90以上の臨床試験で、ガランタミンのアルツハイマー病などに対する効果が評価されています。 全体として、ADの認知や臨床指標に対して、数年間の治療で一貫した症状改善効果を認めている。しかし、すべてのコリンエステラーゼ阻害剤と同様に、ガランタミンの効果量は小さい。

例えば、軽度から中等度のAD患者653人を対象とした6カ月間の研究では、ガランタミン24または32mg/日の投与により、ADAS認知尺度、CIBICプラスおよびDADグローバル臨床印象尺度の双方において、プラセボに対しておよそ3点の治療効果が認められました(Wilcockら、2000年)。 軽度から中等度のアルツハイマー病患者978人を対象とした別の5ヵ月研究では、プラセボとガランタミンを最終用量である16mg/日及び24mg/日までゆっくりと増量して比較検討した。 その結果、ADAS-cogにおいて3~3.6ポイントの治療効果が認められ、グローバル臨床機能、行動症状、日常生活動作においても効果が認められました(Tariot et al.,2000年)。

ガランタミンが承認された後、軽度から中等度のアルツハイマー病患者における行動症状に影響を与えるかどうかを評価する試験が行われました。 3つの試験からプールされた2,033人の患者のデータのポストホック分析では、Neuropsychiatric Inventory(NPI)で測定されたガランタミン治療の利点、特に激越、不安、抑制、異常な動きの症状について示唆され、その後の4試験の分析でもほぼ同じ結果でした(Herrmann et al.2005; Kavanagh et al.2011) また、市販後試験として、アルツハイマー型認知症におけるガランタミン治療のさらなる側面、例えば注意力への影響や軽度ADにおける有効性を評価しました(Vellas et al.、2005;Orgogozo et al.、2004)。

ガランタミンの長期的な有効性を評価した試験もいくつかあります。 全体として、3~4年にわたる継続的な治療により、緩やかではあるが一貫した認知的・臨床的効果が得られたと報告している(例えば、Raskindら、2004年)。 ガランタミンの長期投与により、患者の老人ホームへの入居が遅れるという主張が学会で報告されており(同社プレスリリース参照)、同様の研究が専門誌に発表されている(Feldman et al.、2009)。 4つの異なる第3相試験からプールされた80歳以上の患者のデータの分析では、その年齢層の患者におけるgalantamineの治療効果が示唆された(Marcussonら、2003年)。 2005年、軽度認知障害患者を対象とした2つの臨床試験において、ガランタミン投与群でプラセボ投与群よりも死亡が多かったことから、一時的に安全性に問題があるとされ、処方情報が更新されました(2005年1月のニュース記事、WHO Pharmaceuticals newsletterを参照)。 その後、メタアナリシスにより、この知見は否定された(例:Feldman et al.、2009年)。 2012年、軽度・中等度AD患者2,051人を対象とした別の2年間の臨床試験において、ガランタミン1日8~24mgの投与は、プラセボと比較して認知・機能低下が少ないだけでなく、死亡率も低いと報告されています(同社のプレスリリースをご参照ください)。 この最後の研究は、査読付き文献に発表されていません。

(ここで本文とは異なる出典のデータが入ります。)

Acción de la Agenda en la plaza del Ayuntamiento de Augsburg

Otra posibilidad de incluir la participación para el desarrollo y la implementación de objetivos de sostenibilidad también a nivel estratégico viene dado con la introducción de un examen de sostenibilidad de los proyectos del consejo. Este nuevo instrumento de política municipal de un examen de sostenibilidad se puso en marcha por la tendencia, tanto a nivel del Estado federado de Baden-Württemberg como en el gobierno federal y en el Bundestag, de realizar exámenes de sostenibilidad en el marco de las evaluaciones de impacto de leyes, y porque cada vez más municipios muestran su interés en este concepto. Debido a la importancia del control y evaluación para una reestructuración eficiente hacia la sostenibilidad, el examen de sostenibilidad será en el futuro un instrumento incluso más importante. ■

それでも、ガランタミンはもはやMCIにおける死亡率を上げるとは見られていませんが、2つのオリジナルのMCI試験と、コリンエステラーゼ阻害剤の臨床試験文献におけるMCI患者の幅広いメタ分析の両方で、この集団において効果がないことが判明しました(Winblad et al, 8229>

アセチルコリンエステラーゼ治療薬であるガランタミン、ドネペジル、リバスチグミンは、全体として同様の有効性と安全性を有すると考えられているが、サイドバイサイドの比較はほとんど実施されていない。 そのような中で、galantamineとdonepezilを1年間比較した試験では、galantamineの方が認知機能の効果がやや大きく、介護者の負担もより大きかったが、忍容性や日常生活動作については同様の結果であったと報告している(Wilcockら、2003)。 臨床現場では、galantamine、あるいはdonepezilやrivastigmineは、NMDA拮抗薬のmemantineと併用で処方されることが多い(Atri 2011)

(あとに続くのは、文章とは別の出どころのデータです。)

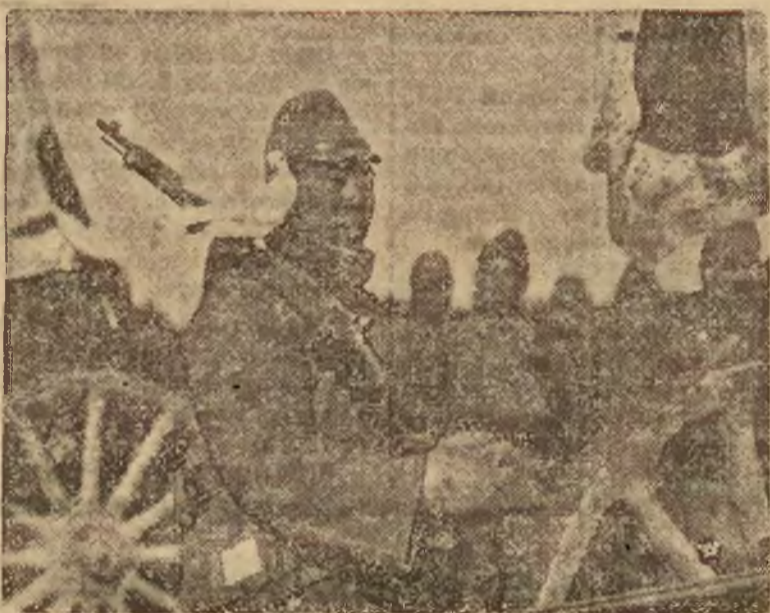
Wojskom japońskim, operującym w Chinach towarzyszą, jak to widzimy na zdjęciu, gołębie pocztowe, które są używane w służbie łączności między oddziałami a dowództwem

Phase 4試験では、AD以外の疾患についてもgalantamineが評価されています。 血管性認知症、遅発性ジスキネジア、注意欠陥多動性障害、外傷後頭痛、術後せん妄、うつ病、トゥレット症候群、双極性障害、統合失調症における認知、脳卒中などが含まれます。 なお、慢性疲労および線維筋痛症に対する開発の試みは中止しています。 ガランタミンは、双極性障害や統合失調症における認知機能改善剤、ニコチンやコカイン依存の解消補助剤として、現在も活発に評価されています。 しかしながら、ガランタミンの広範な試験にもかかわらず、2014年現在、その規制当局による承認は、軽度から中等度のアルツハイマー病という当初の適応症を超えるものにはなっていない。

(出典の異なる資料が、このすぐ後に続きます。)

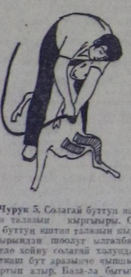
Чурук 5. Солагай буттун иштиң таламы кыргыыры. Оң он буттун иштиң таламы кыргыырыңда шоодут ылгаабас, чүгө хойну солагай холдулаң туткаш бут аразыңче чыттыр тыртып алыр. База-ла быгын-дан эгелөөң, буттун бажыңче үндүр кыргыыр.

コリンエステラーゼ阻害剤治療がアルツハイマー病に最初に承認されてから数年間、その控えめな効果量から費用対効果について論争が起こりました(2004年7月のニュース記事と幅広い解説をご覧ください)。 米国、カナダ、ヨーロッパ諸国における薬剤経済学的研究により、コリンエステラーゼ阻害剤による治療が医療費を削減することが一般に明らかにされている。 英国では、この議論により、国民皆保険制度によるコリンエステラーゼ阻害剤の適用が疑問視されるようになった。 英国のNational Institute for Health and Care Excellence(NICE)は、2007年にこれらの薬剤の使用を制限したが、2010年にこの問題を再評価し、2011年に軽度から中等度のADの治療におけるgalantamineの使用を推奨するガイダンスを発表した(例えば、Garfieldら、2002;NICEガイダンスを参照)。 最近の薬剤経済学的研究により、ガランタミンの費用対効果が確認されている(例:Hydeら、2013)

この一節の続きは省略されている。